Jim Conkey, head of the AIDS education project at Truckee Meadows Community College, said the bill would be a legal tool for dealing with prostitutes who heedlessly infect others with the deadly virus.

However, Conkey criticized legislators for failing to deal with two of the most critical issues: the question of an AIDS carrier’s privacy rights and the prevention of discrimination.

State Health Administrator Larry Matheis, who endorses the legislation, said it would not change the manner in which Nevada’s 37 legal bordellos operate in outlying areas of the state.

″From a public health perspective, it’s exactly what’s going on now,″ he said, adding that prostitutes are tested for any sexually transmitted diseases before they can work in the houses and are tested every month while employed.

After a year of about 4,000 AIDS tests, ″there have been no women working as prostitutes in a brothel who have tested positive while working,″ said Matheis. ″If they did, by regulation they would be removed from employment.″

He said eight women who tested positive on their initial tests for exposure to the AIDS virus were refused employment.

The new legislation ″targets a group whose behavior presumably puts them at a higher risk,″ Matheis said. ″It requires them to get the screening and then imposes legal sanctions.″

Russell Reade, who quit a career as a biology teacher and sex-education coordinator in a Northern California high school to buy a Nevada bordello five years ago, is one of the strongest advocates of the bill.

Reade is co-owner of the Chicken Ranch near Pahrump and spokesman for the Nevada Brothel Association which represents more than half of the brothels in the state and three-fourths of the 400 or more legal prostitutes.

″We’re setting an example for the whole world,″ said Reade. ″Nevada has had the gumption to stand up and legalize prostitution and say that until you show us a better system, then leave us alone. And the wisdom of that is paying off.

″Every other state has prostitution but they have no control over them. And Nevada has control over it.″

Reade has required condoms at his Nye County brothel since 1985. County officials recently required the same protection in other houses, he said.
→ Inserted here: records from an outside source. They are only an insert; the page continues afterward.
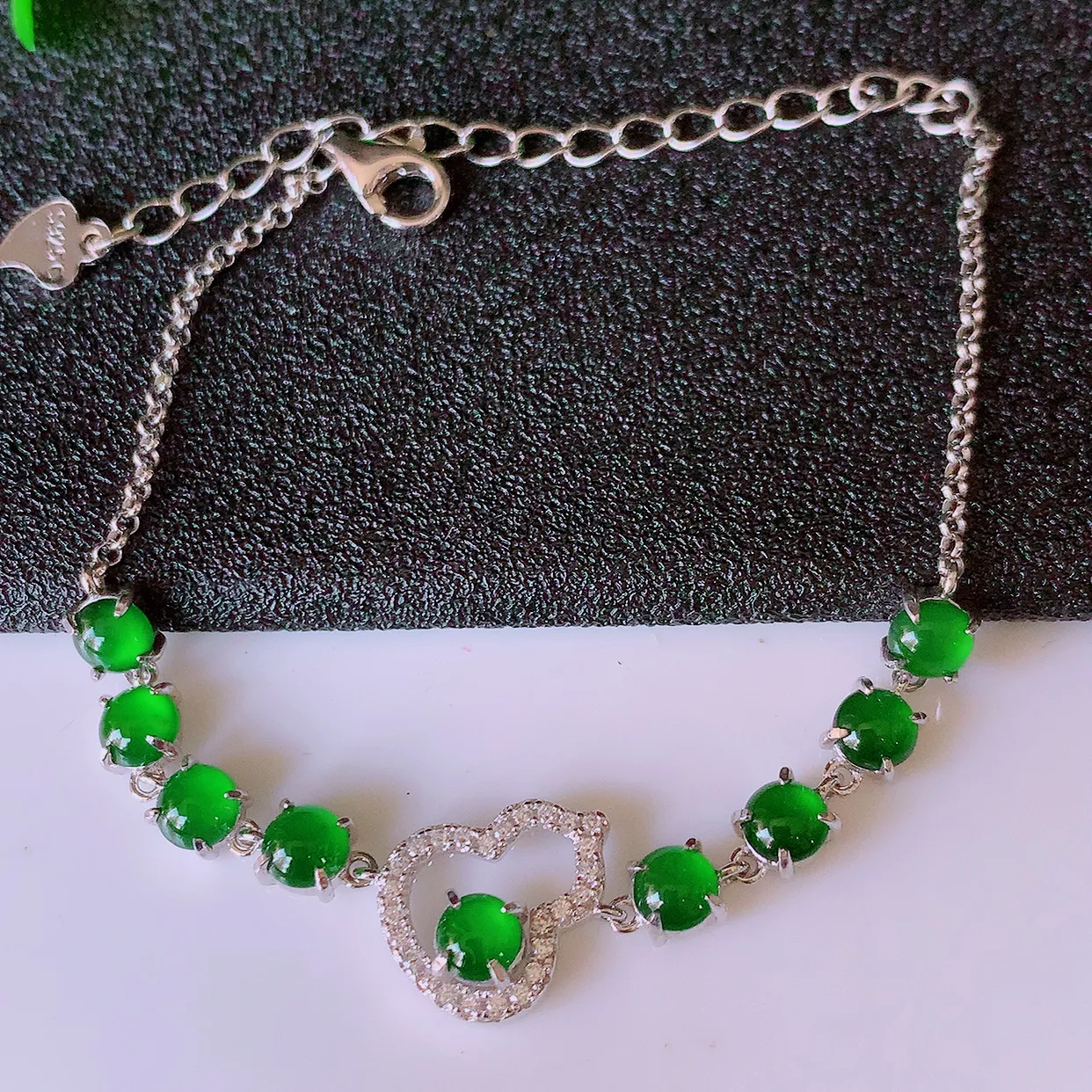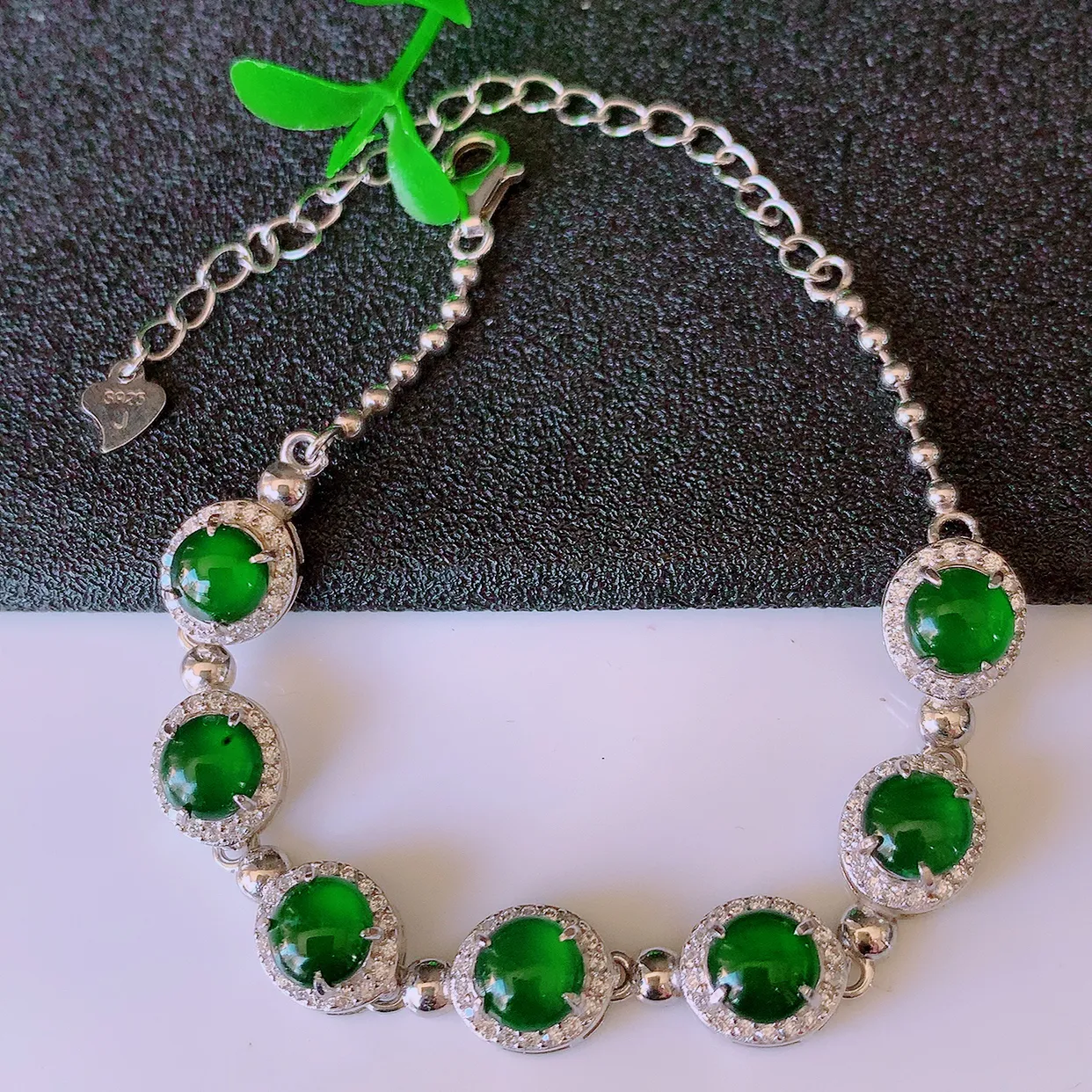 冰透满绿翡翠925银镶嵌手链,自然光实拍,翠色灵动,颜色漂亮,种老水足,品相佳,佩戴佳品!#97.1
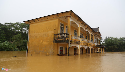 Ba ngày qua, thủy điện Hố Hô xả lũ cộng với mưa dồn dập khiến nước sông đục ngầu dâng cao. Hầu hết thôn, xóm bị ngập hơn 2 mét.
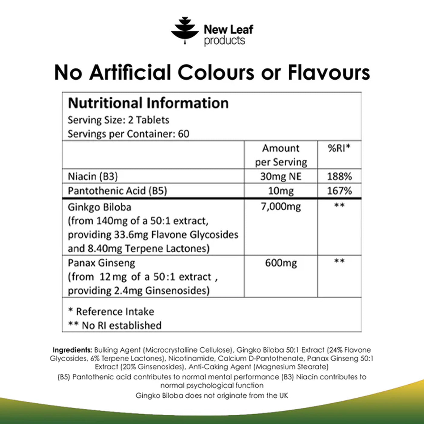 The combination of Ginkgo Biloba and Korean Ginseng, creates a foundation for well-being. The inclusion of Terpene Lactones and Flavone Glycosides (active compounds found in Ginkgo extracts), acting as antioxidents compounds recognized for their impact on cognitive health, along with the energizing effects of Vitamins B3 and B5, embodies New Leaf's commitment to blending traditional ingredients with scientific insight for optimal health.
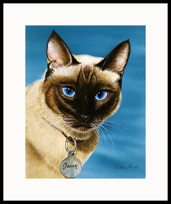 Jazzy Framed Limited Edition of an original Drew Strouble cat art watercolor painting of a gorgeous Seal Point Siamese Cat with sky-blue eyes. Limited Edition of: 950 Prints. Overall size: 14" x 16 3/8" incl. 2 1/2" mat. Each print is hand signed, titled & numbered with matching Certificate of Authenticity. All prints are shrink wrapped with a white mat and foamcore backing. Designer Frames are black aluminum with plexiglas.

Matheis says Nevada’s per capita rate of acquired immune deficiency syndrome cases ranks 32nd among all states. The state has had 84 confirmed cases, involving 82 men, mostly homosexual or bisexual, and two women who were intravenous drug users. Of the 84, 53 have died.

Bordellos have existed around Nevada since its mining camps boomed in the 19th century. They now are tolerated or allowed by local ordinance in 11 of the state’s 17 counties, all of them in outlying rural areas.

State law prohibits prostitution in Clark County, encompassing the Las Vegas Strip. And anti-brothel ordinances exist in the Reno-Carson City area and in Douglas County, which includes the Stateline casino area at Tahoe.